I have seen in this code that such an action space was implemented as a continuous space where the first value is approximated to discrete values (e.g. 0 if it is < 1 or 2 if it is < 2 and > 1).

Does anybody know if the above solution is the correct way to implement such an action space? Or does Gym offer another way?

Cristian M
  • 177
  • 1
  • 7
  • You could use a `spaces.Tuple` to do something similar. One space to control the discrete part and one space to control the continuous part. I don't think there is a "right" or "wrong" answer, as it depends on what exactly your environment is doing – chappers Apr 18 '20 at 22:26
  • @chappers Acoording to the description I provided, it seems that using a Tuple to create an action space composed of both discrete and continuous parts is more appropriate. However, as I understand from you, the approach I described is also useful. Can you provide an example how to create a Tuple space as you described? – Cristian M Apr 20 '20 at 09:14

1 Answers1

6

Here is a sample environment which demonstrates this.
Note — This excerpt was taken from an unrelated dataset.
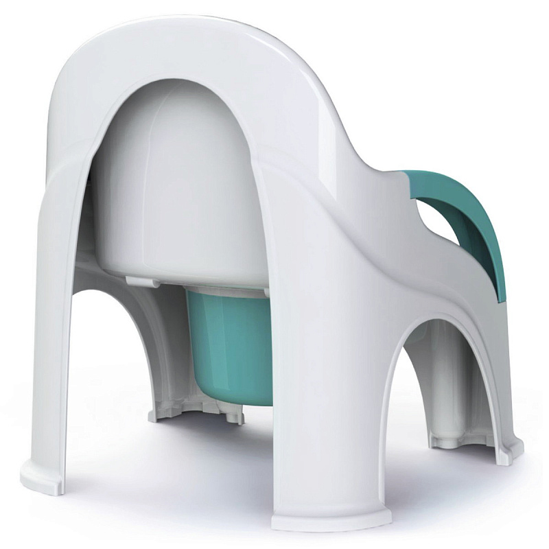 Горшок с четырьмя ножками, спинкой и подлокотниками похож на министерское кресло. Такая модель устойчива, но главное – ребенок сразу понимает, как на него садиться. Упасть с горшка-стульчика практически невозможно. Малыш сможет сам переставлять горшок и даже выливать из него в унитаз благодаря съемной чаше.
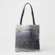 A tote bag featuring a photo of a train.

It relies on the environment to successfully filter out the correct continuous control element

import gym
from gym.spaces import Dict, Discrete, Box, Tuple
import numpy as np


class SampleGym(gym.Env):
    def __init__(self, config={}):
        self.config = config
        self.action_space = Tuple((Discrete(2), Box(-10, 10, (2,))))
        self.observation_space = Box(-10, 10, (2, 2))
        self.p_done = config.get("p_done", 0.1)

    def reset(self):
        return self.observation_space.sample()

    def step(self, action):
        chosen_action = action[0]
        cnt_control = action[1][chosen_action]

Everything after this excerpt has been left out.